_Data under study_:
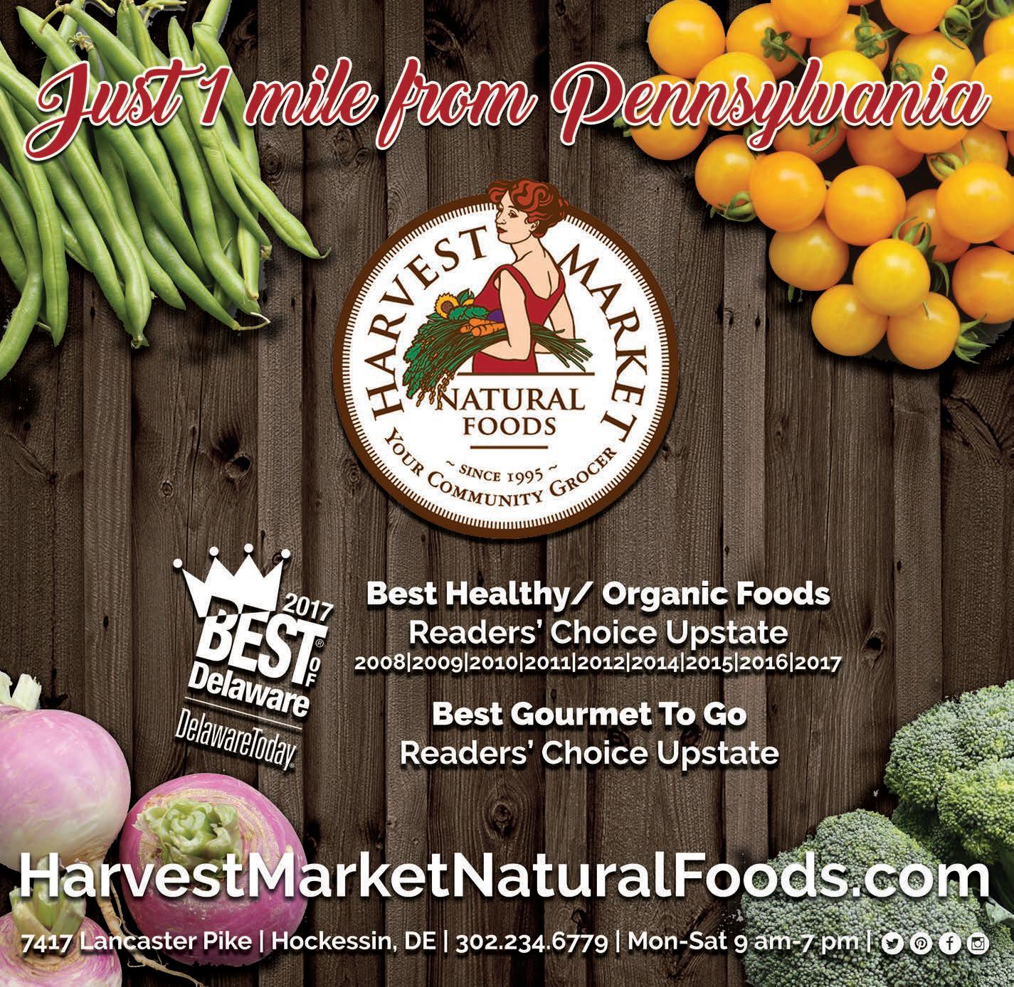 Since 1995, Harvest Market has provided Hockessin and the surrounding communities with a broad selection of wholesome and nourishing foods, nutritional supplements and related products. We receive fresh produce deliveries daily, work with more than 52 local vendors and constantly strive to make a positive difference for farmers, consumers and our environment.
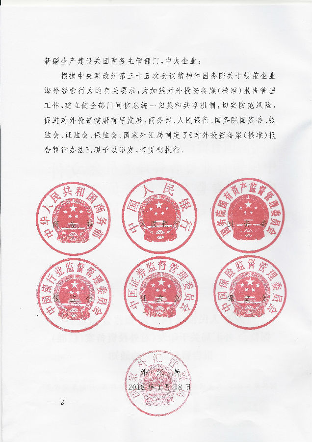 2018年1月25日,商务部、人民银行、国资委、银监会、证监会、保监会、外汇局共同发布了《对外投资备案(核准)报告暂行办法》(商合发[2018]24号,以下简称《办法》),以下为《办法》全文。
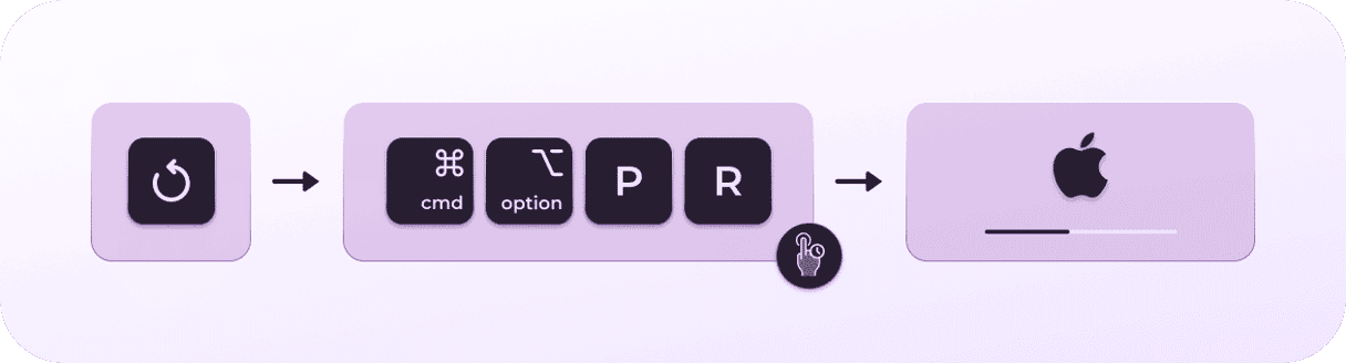 - Heti kun käynnistät Mac uudelleen, paina seuraavia näppäimiä noin 20 sekunnin ajan: vaihtoehto, komento, p ja r (samanaikaisesti).
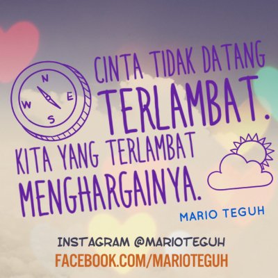 @MTLovenHoney. Karena cinta telah hadir saat kitapun hadir kedunia ini ,,,,:DThanks. Twitter will use this to make your timeline better. UndoUndo
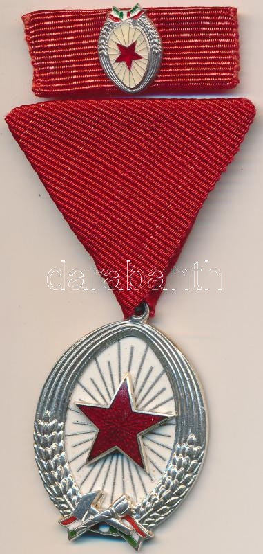 Leírás: ~1965. "A Munka Érdemrend ezüst fokozata" mellszalagon, miniatűrrel szalagsávon, eredeti tokban T:1-
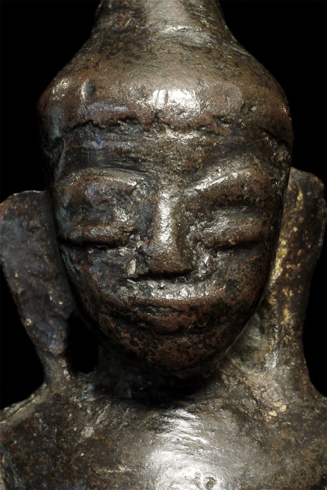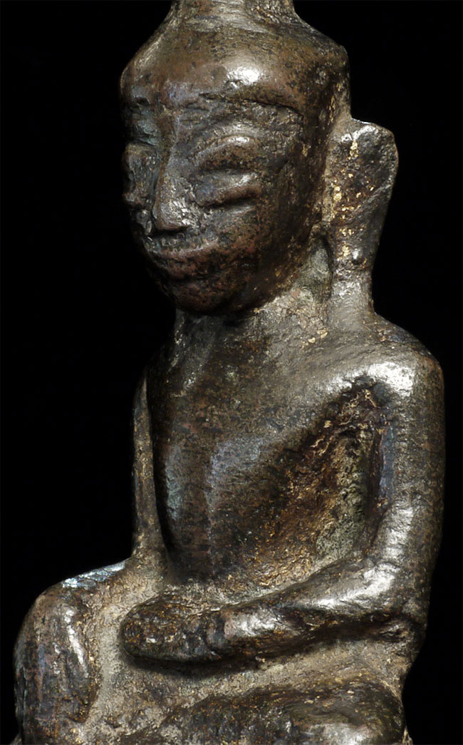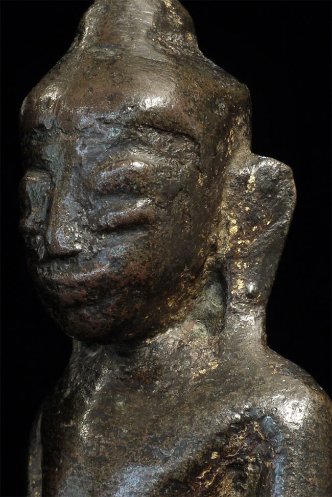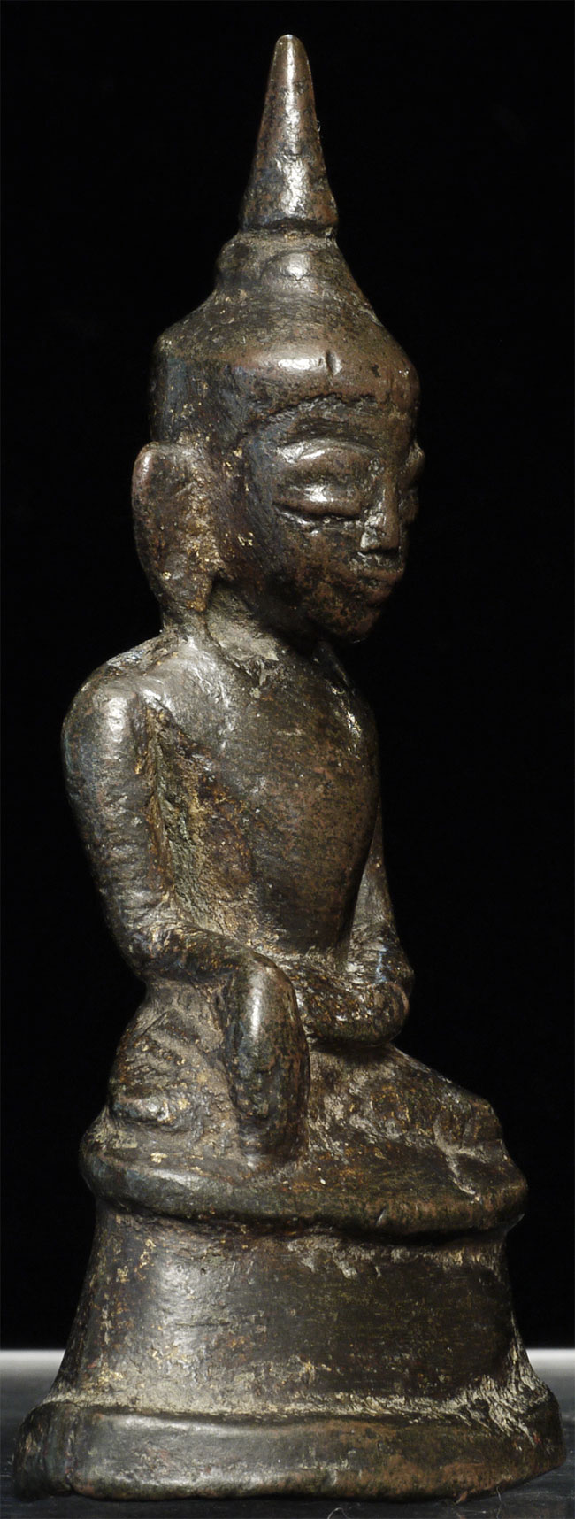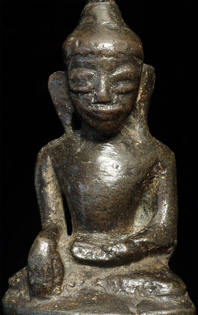 Delightful 17/18thC Burmese Mon Bronze Buddha. Sits 3 7/8" tall.

_Required action_: From the line with "timeline better. UndoUndo" to the final line of the entries above, reproduce each line exactly and nothing else; the pictures stay out.

_Your response_:
 @MTLovenHoney. Karena cinta telah hadir saat kitapun hadir kedunia ini ,,,,:DThanks. Twitter will use this to make your timeline better. UndoUndo
 Leírás: ~1965. "A Munka Érdemrend ezüst fokozata" mellszalagon, miniatűrrel szalagsávon, eredeti tokban T:1-
 Delightful 17/18thC Burmese Mon Bronze Buddha. Sits 3 7/8" tall.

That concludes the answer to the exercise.